Tech-driven retail
Varner is one of Scandinavia’s largest fashion houses, with 11’000 employees and 1’400 stores across seven countries. Over the years, the group as embarked on an impressive growth trajectory, but it is the journey from a fragmented organisation of brands, to a centralised, needs-driven fashion mogul that gets us excited for what is to come. What are the learnings from millions of purchases? And how do we turn insights into implementations for a greater customer journey tomorrow?
The evolution of Varner is in constant development, a goal Sonat and Varner set early on in their alliance. It was clear, finding strength in being a group as opposed to a series of independent brands, saves resources and builds competence and skills. The initiative to design a customer service at group level enabled a better customer journey and secured clarity, ahead of technological leaps in flexibility, meeting needs and desires for a store where the digital and physical shops finally meet.
Things were different when Sonat and Varner began developing customer service together. All the brands in the group had siloed services and no central structure was in place. But with Sonat’s ability to tailor-made and collect service solutions, Varner was equipped with an integrated digital platform. With the significant tools, the group was able to identify customer needs across all brands, in real-time. ‘We accumulate findings of the journey such as navigation, ease of purchase, clarity in return procedures, payment solutions and how customer perceive sustainability, this is all data we analyse and build developments around, says Pernilla Johansson, head of business solutions at Sonat for Varner.

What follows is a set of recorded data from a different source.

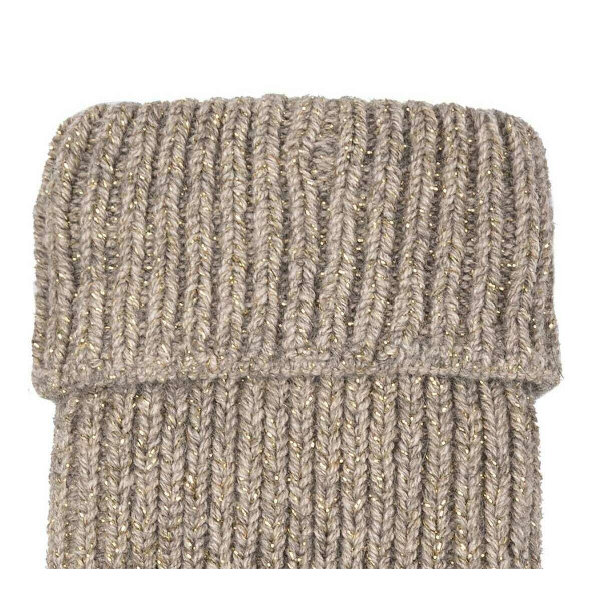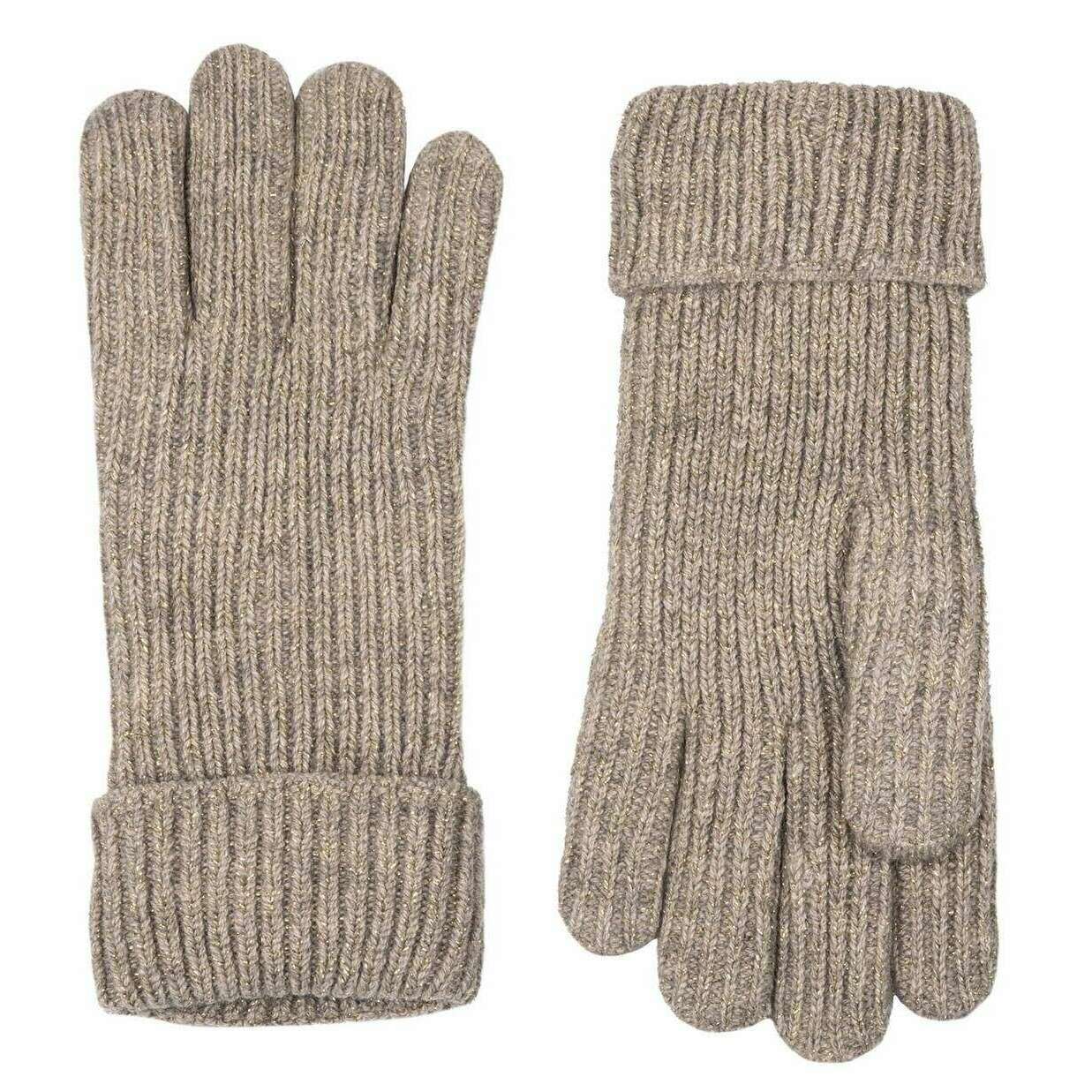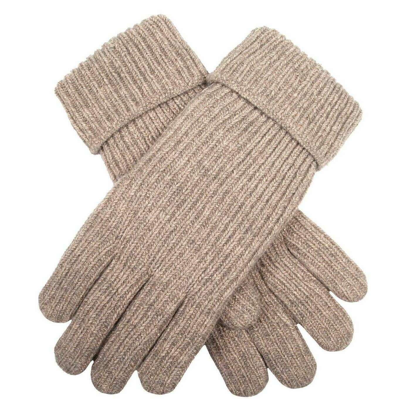 Dents Ribbed Knit Metallic Yarn Gloves - Oatmeal Cream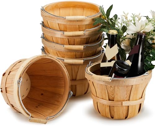 View full details6 Pack Round Wooden Fruit Baskets Small Bushel Apple Buckets with Handle Display Buckets for Gifts Empty Thanksgiving Fall Christmas Winter Basket for Fruits Vegetables, Home Party Supplies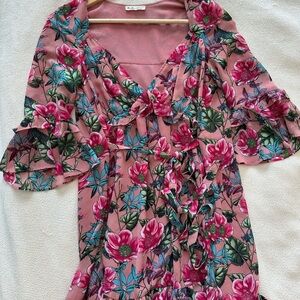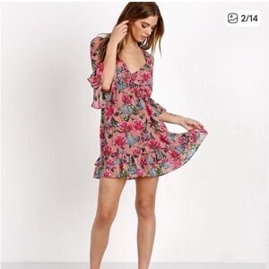 For Love And Lemons Churro Mini dress in Pink Flamenco. So cute on! In perfect condition! Missing the size tag but it’s a size small! #forloveandlemons #revolve #luxury #summerdress #minidress #feminine #falldress #fallfashion
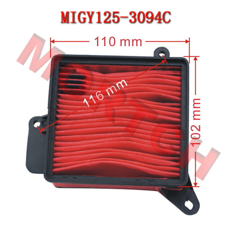 Quadrilateral air filter elements for 125cc GY6 QMI152/QMJ152 and 150cc GY6 QMI157/QMJ157 engines. Keep your 125cc GY6 QMI152/QMJ152 and 150cc GY6 QMI157/QMJ157 engine breathing freely with this stock triangle air filter.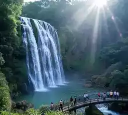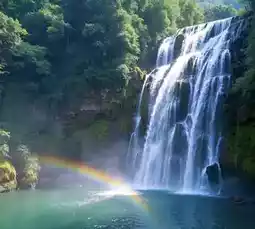 The scenic area has well-maintained walkways and viewing platforms for visitors. The main waterfalls include Feihong Waterfall, Yinhe Waterfall, and Luojitian Waterfall.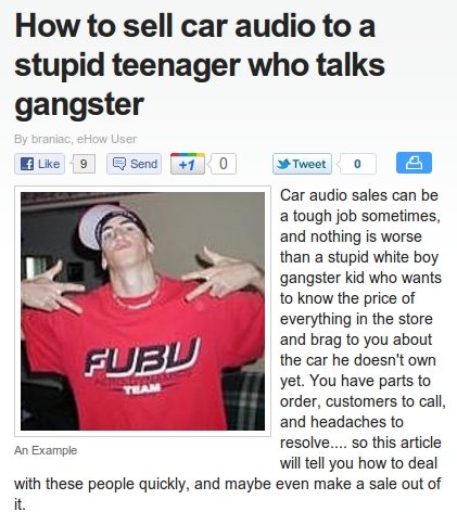 Ok so the gangster talking kid is hanging around your showroom, so now what? You have to understand that these people have jobs and get paychecks too, so if he is enticed by something he will blow his entire paycheck on it– no problemo. If not, he is just there to talk to you about things he will “get in like a month” because it makes him feel like a millionaire. The next step will help you identify why they are in your store, and if you can actually make this encounter into a sale.

Two brands at Varner committed to the centralised platform, to begin with, but it did not take long before all the brands realised the immense benefit of gathering collected data. Although, it took Sonat and Varner a fair share of change management to get everyone on board, the result is a needs-driven, intelligent and nimble retail group. ‘Today, Varner operates in a collective structure, with for instance, one group for social media and one for payment systems across all brands. With these specific groups, we can address the analysis of data appropriately and deliver insights for more effective results. The opportunity with a clear group target, is a tighter dialogue and more measurable progress,’ says Johansson.
The way technology is moving fashion today is remarkable but puts pressure on the larger players to find the right use for the big data gathered. With one customer service channel across the entire group, challenges in communication and design become apparent instantly. The ability to bring the platforms closer to the end-user has been Sonat’s and Varner’s joint ambition, minimising the number of calls and requests to customer service. ‘Today, there is a significant improvement in the way Varner can quality assess all external communication. This is visible across all measurements,’ says Johansson.
Quality and efficiency across the group have improved the customer journey ahead of the next great leap, introducing greater flexibility in purchase, orders and deliveries. The capabilities to offer customers seamless ways to order online, pick-up in-store, return remotely, purchase again online and at the same time choose from an array of different delivery options, is vital in the customer journey of tomorrow. This puts pressure on Varner and Sonat, but with first-class customer service across the group, the team can change the dialogue in a quick and agile way, simplifying the process and bringing the customer closer.
The strength ahead is accumulated in intelligence that continues to improve the infrastructure and better the customer journey every day. ‘This tells the story of a real effort to change customer service, a beautiful turning point, that enabled the organisation to reach new flexible heights,’ Johansson concludes.